Published in 2018, the transformer architecture was a breakthrought for NLP tasks, providing massive uplift compared to previous models.

However even if the paper Attention is all you need is well written, it takes time to understand all the subtilities of the model.

This post is my personal cheatsheet for this kind of models.

Understanding the architecture

Rather than repetiting something that has already been done better, here are the links for understanding the model that I found the most helpful.

The illustrated Transformer : great article with insightful visualization. Other NLP articles are also available on the same blog.
The annotated Transformer : Detailled implementation of the model, step by step. Really insightful to understand the details of the architecture

Getting started to experiment

I would recommend using HuggingFace great repository on Github to play with this kind of architecture as they have all the state of the art models

HuggingFace’s Transformers

They support both Pytorch and Tensorflow, so everyone gets what he needs.
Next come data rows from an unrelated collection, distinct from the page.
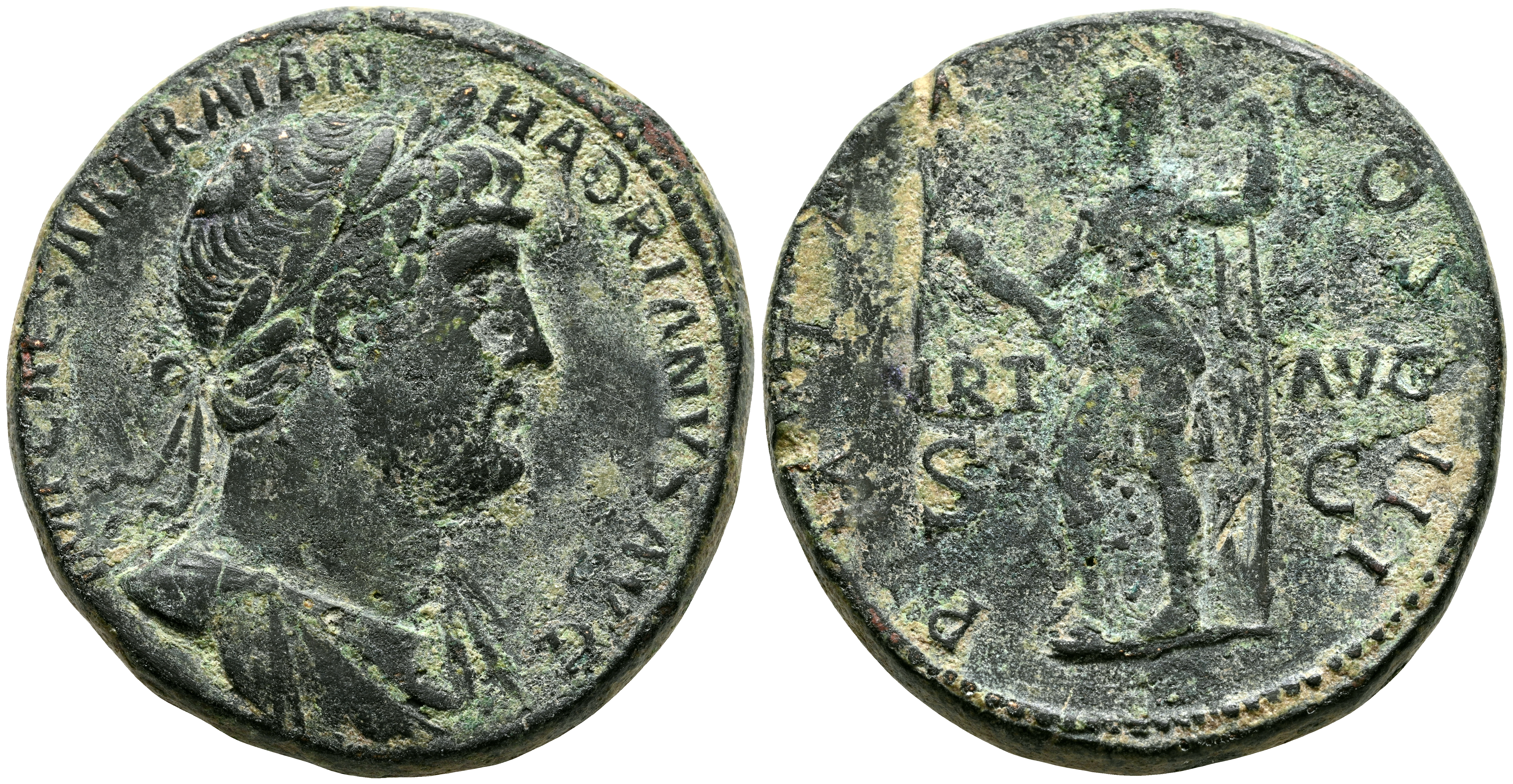 ADRIANO. Sestercio. (Ae. 25,61g/33mm). 121-123 d.C. Roma. (RIC 656). Anv: Busto laureado y drapeado de Adriano a derecha, alrededor leyenda: IMP CAESAR TRAIAN HADRIANVS AVG. Rev: Virtus estante a izquierda con cetro y parazonia, entre: VIRT-AVG/S-C, alrededor leyenda: P M TR P COS III. MBC-.
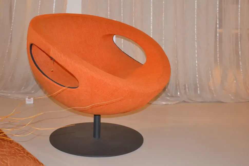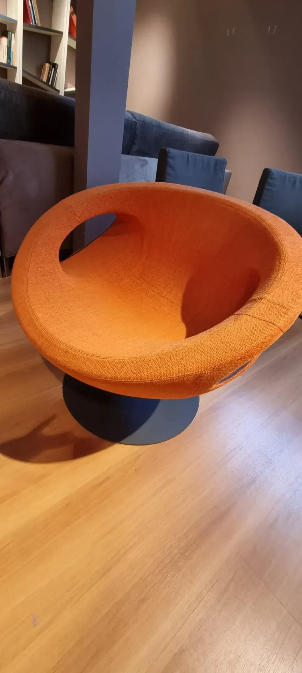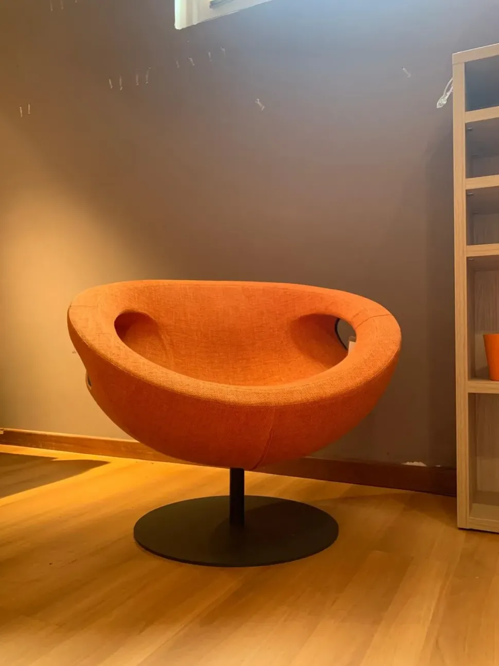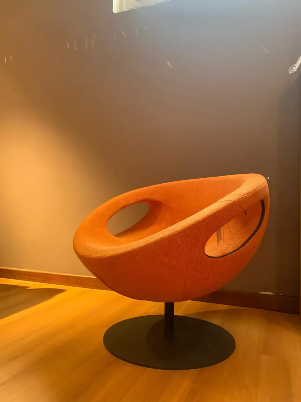 Poltrona in tessuto arancione girevole.
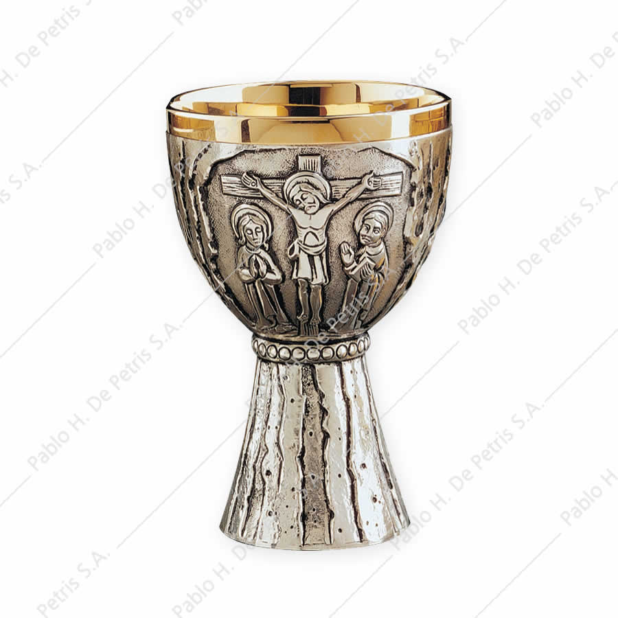 Cáliz realizado en bronce con baño interior de oro y exterior de plata. Motivo de la crucifixión.
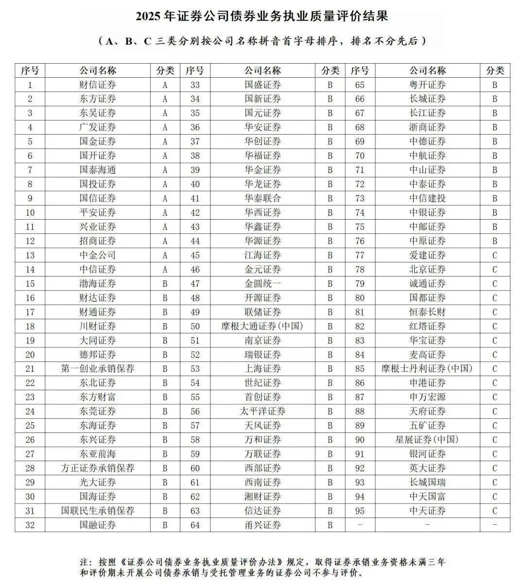 具体来看,中国证券业协会公布的2025年度评价结果显示,在参与评价的93家证券公司中,获得A类评价的有12家,B类66家,C类15家。

Model size and solving one’s problem

The problem of modern language model is their size and the scale needed to train them. The most recent models may need a complete cluster equipped with powerful graphic cards to be trained. These models may not always perform the best for the task that you want to solve.

Here are some insights on what can be done to save on your AWS bill :

Bag of words models remain relatively comptetitve according to this study. When little data is available, they are a more than satisfactory solution and easy to implement.
Distillation can help to reduce the model size and improve the inference speed, while keeping most of the performance. You can then train your distilled model if you need to.